Is the deflation threat over? Of course not. With gold at $320, it is still $30 below what we reckon to be the equilibrium price of $350. It represents a constant drag on the economy. At $320, though the financial markets are roughly in equilibrium, which is why we have advised our clients for the last few months that at this level the DJIA would more or less bottom at 9500. It has gone below that number a few times, but has always bounced back. If gold goes lower, there would be a new bottom, below 9500.

The reason I take your time with this material is to both assure you that our analytical framework is still working as it has for 24 years, and that its forecasting power is now being noticed – which on the margin is a prerequisite for policy change. Just as a trip of a thousand miles begins with a single step, politicians will not take the first step toward fundamental reform unless they can be assured they will be rewarded for initiating a change that actually works. It was only when I made the case for tax cuts on the WSJournal editorial page in the 1970`s that political people decided to take a chance on the idea. The Mayor of San Juan was the first, elected Governor on the Laffer Curve in 1976. Jack Kemp then began winning his House seat in landslides after embracing the Curve. Practically everyone around Ronald Reagan tried to talk him out of the Kemp-Roth tax cuts, but he was comfortable with the idea, and his campaign manager, John Sears, understood their power at the polls.

There has to be a similar reform in the monetary realm, and this time it cannot start in Puerto Rico. It has to be in the United States, which still has the key currency, the invoice currency for gold and oil. The reason a return to gold seems so far away is that the politicians have been persuaded that anyone who mentions such a reform will not only suffer defeat at the polls, but will be ridiculed in the process.
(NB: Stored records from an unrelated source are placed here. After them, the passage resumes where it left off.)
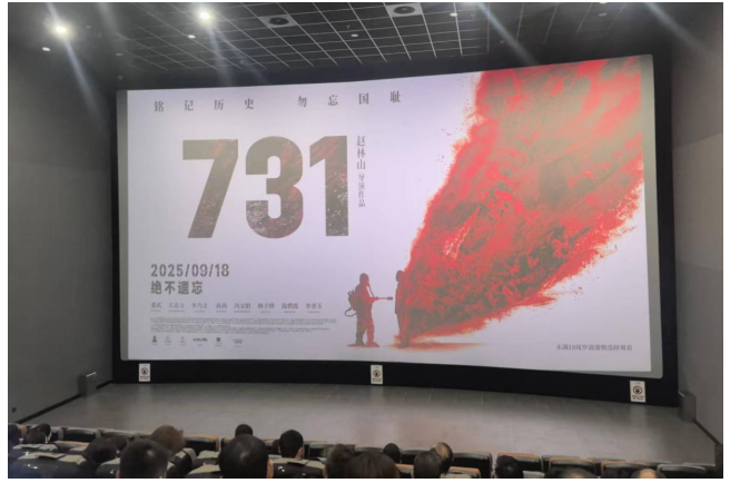 电影《731》主要讲述了抗战胜利前夕,侵华日军为了扭转战局,在黑龙江哈尔滨平房区开展细菌战研究,屠戮百姓进行人体实验的故事。荧幕上一幕幕触目惊心的画面、一个个鲜活的生命消逝的场景,无声地诉说着战争的残酷与侵略者的暴行,深深震撼着在场每一位党员的心灵。大家神情凝重,回顾那段血泪交织的历史,深刻体会到“落后就要挨打”的沉痛教训。
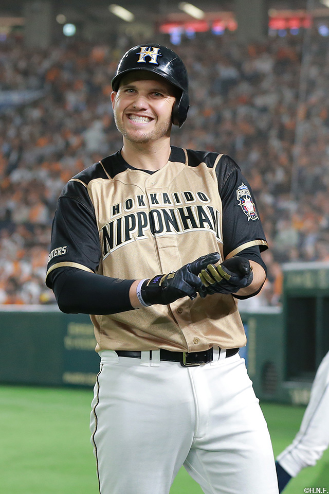 投手 吉川光 3番 レアード 左本 カウント1-0からレフトスタンドへホームラン! 巨8-2日 ![]() 8
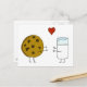 Cartão postal de amor de biscoitos por leite, com um adorável biscoito de gotas de chocolate estendendo a mão para um copo de leite, e um grande coração vermelho acima deles.
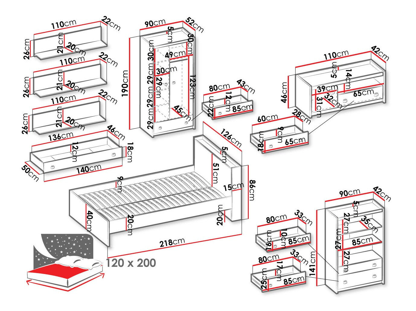 Ágyneműtartó méretei18 x 140 x 50 cm

It is in the interest of demand-side economists, whether Keynesian or Monetarist, to discourage all aspiring Democrats and Republicans from doing "gold," which they do by saying that a gold standard would cause great pain and suffering. Milton Friedman has been saying for 30 years that a gold standard would be best of all, but that politicians will not be able to live within its discipline. That`s all Senator Claghorn has to hear and he runs from gold as if it were the plague. The Austrian school is pro-gold, in the classical tradition of Ludwig von Mises, and Rep. Ron Paul [R TX] promotes the idea. But by insisting it can only work by blowing up the Federal Reserve and going to a 19th century free-banking system, with 100% reserves, he does more harm than good.
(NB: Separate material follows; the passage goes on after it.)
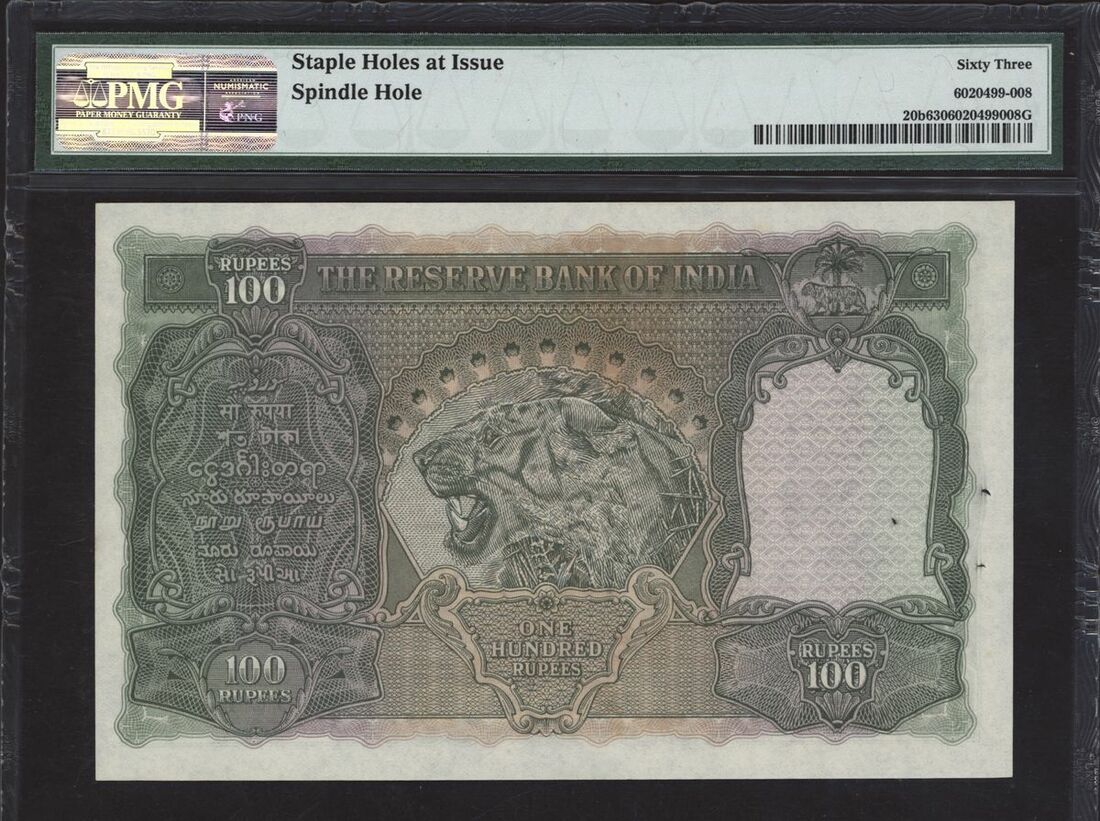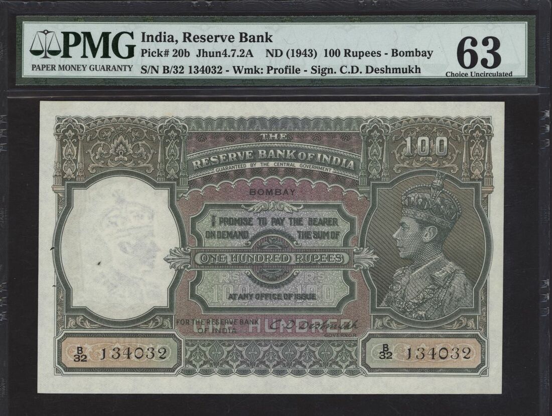 (x) Reserve Bank of India, 100 rupees, ND (1943), serial number B/32 134032, (Pick 20b, Razack-Jhunjhunwalla 4.7.2A, BNB 204), in PMG holder 63 Choice Uncirculated, staple holes at issue, spindle hole

So it is critical that our analytical framework continue to work, and finally be noticed by Barron's, inasmuch as the WSJ editorial page decided in 1996 that I was wrong and Greenspan was right. I don`t know yet when the story will appear, but McTague has also been interested in why I became a dove when the Cold War ended, how I decided Louis Farrakhan was not a bad fellow, my 1998 prediction the World Trade Center would be blown up, and various other twists and turns. My basic answer is that I`ve had to dig deeper and ask more questions and read more than the average journalist because I`ve promised my clients to give them the best analytics I can – whether bullish or bearish, liberal or conservative, hawk or dove, Arab or Israeli, Democrat or Republican. This means nobody with a vested interest really trusts me, but as long as we keep our clients happy, that`s all that counts. Harry Truman had it right when he said if you live in Washington and want a friend, get a dog.